Вдруг Гордей, охнув тихо, откинулся на спинку заскрипевшего стула. И прижал к правому боку ладонь. Тупая, сосущая боль. Отпустит ненадолго и снова возьмется за свое. И так, бывает, сосет и сосет часами. А потом сгинет куда-то. Сгниет недели на три, художник и забудет о ней, треклятой, а она в самый неподходящий момент снова напомнит о себе.
Осторожно встав и все еще не отнимая руки от правого бока, он поплелся к несуразному старому дивану, накрытому ярко-пестрой марокканской дорожкой. Лег, проглотив таблетку. Закрыл глаза. И так пролежал пластом — как ему показалось — целых две вечности. А перед глазами с неотступной навязчивостью переливались волнами — одна сочнее и ярче другой — радужные полосы.
Казалось, Гордея захлестывают волны неправдоподобно-фантастического моря. Еще миг-другой, и они подхватят и понесут его, зыбко, усыпляюще покачивая, понесут в неведомую даль, к неведомым берегам — должно быть, тоже неправдоподобно-фантастическим, где ласковые как котята львы играют с черномазыми ребятами, а на могучих баобабах растут невиданных размеров самые сладкие в мире плоды…
Открыв глаза, он с опаской поглядел на потолок. Сказал, не узнавая своего голоса:
— После той поездки мне долго потом снилась разная неправдоподобная чертовщина… Да и теперь еще случается.

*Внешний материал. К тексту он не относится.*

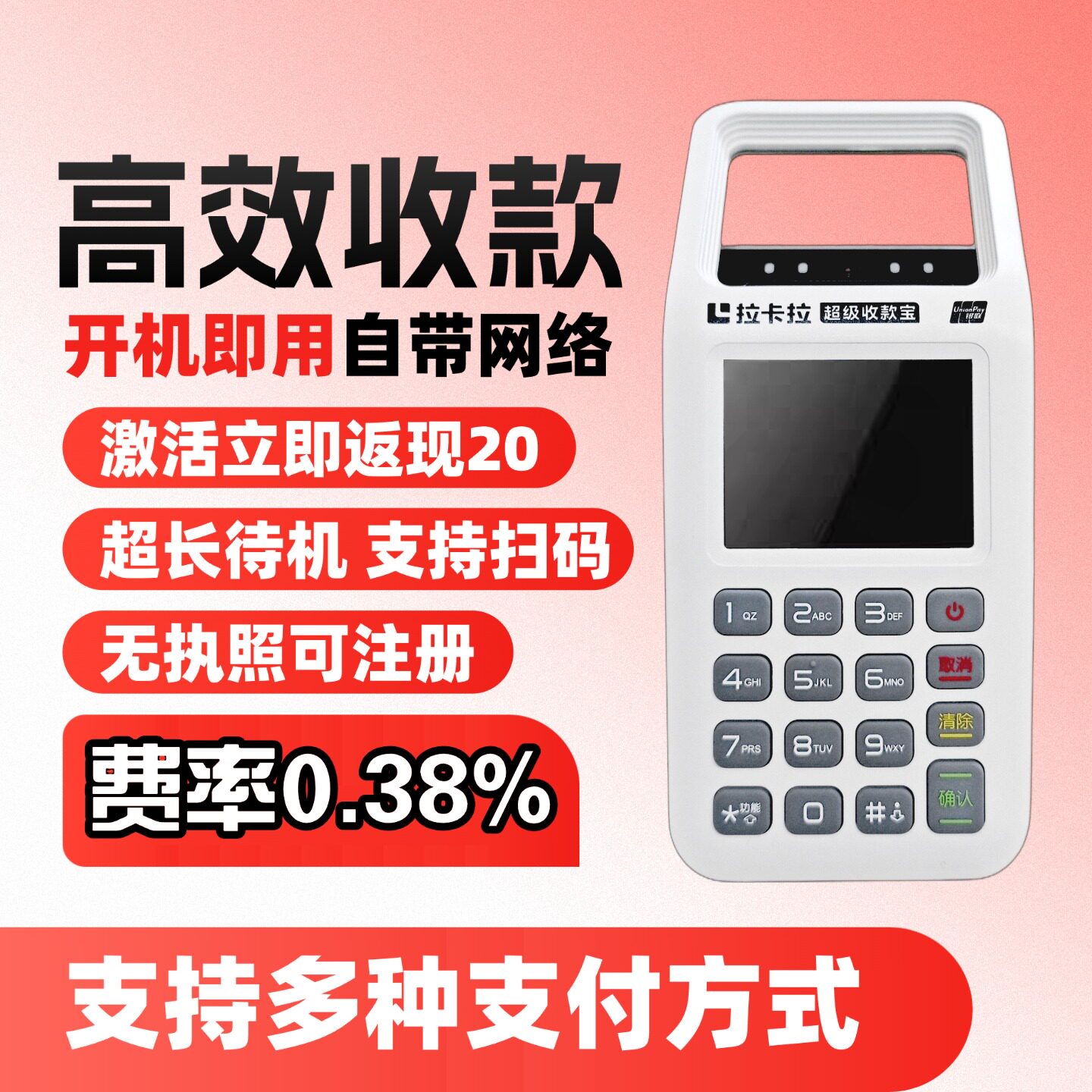 收钱吧拉卡拉扫码王支付收银一体机移动餐饮收银4G手持商户收钱器
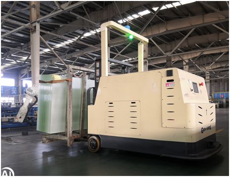 井松目前擁有平衡重式、全向前移式、托盤式等多款叉車AGV產品,其平衡重式AGV是與電動平衡重叉車相同功能的一款產品,電動平衡重叉車前無底腿,其后加有配重塊,整車較重較長,對通道距離要求比較高,適用各種類型的托盤,更換不同屬具可搬運不同種類的物料。而其長頸鹿系列中的全向前移式堆高AGV是井松擁有專利產品技術的一款車型,具有全自由360度方向的運動,可使車輛在狹窄巷道內轉向,提高貨架的空間布置密度;最大舉升高度7.5米。在其豐富的集成經驗和完備的產品線基礎上,井松在各行業擁有多項優秀案例。近期,井松AGV在玻璃制造行業首個應用案例也成功落地。在中航三鑫玻璃制造項目中,井松專業團隊根據現場環境自主設計的3噸車體,采用國內先進的激光導航定位算法,導航精度可以達到±5mm,現場由客戶的機械手抓玻璃放到指定的工位上,達到一定數量后,機械手講滿托盤信號傳遞給現場人員,現場工作人員對玻璃進行檢驗是否合格。合格的話就用呼叫按鈕,呼叫agv來進行取貨,agv過來取貨之前,會判斷客戶的提升機上是否有母托盤,如果有,則agv會生成直接放到提升機位置處的任務,如果提升機母托盤沒有到位,會生成一個放到緩存位的任務。整個緩存位的狀態由agv調度系統來管控。可人工干預緩存位的狀態。

Боль в боку стала постепенно утихать, но он все еще не решался даже пошевелить пальцем. Лежал, уставясь вверх на расплывчато-сероватое пятно с рыжими крапинами. С тех пор как Гордея стали мучить странные боли в боку, принуждая подчас в разгар работы бросать палитру и кисть и коротать в нерадостных раздумьях томительные часы на старом диване, пятно на потолке, раньше им совсем не замечаемое, то забавляло, то тревожило, а иной раз приводило и в ярость.
Как-то раз глядел-глядел художник на коварное пятно во время затянувшегося приступа, проклиная в душе и чертей, и святых, и вдруг вместо пятна на потолке возник образ Спаса Ярое Око с древней иконы Успенского собора Московского Кремля — суровый и гневный…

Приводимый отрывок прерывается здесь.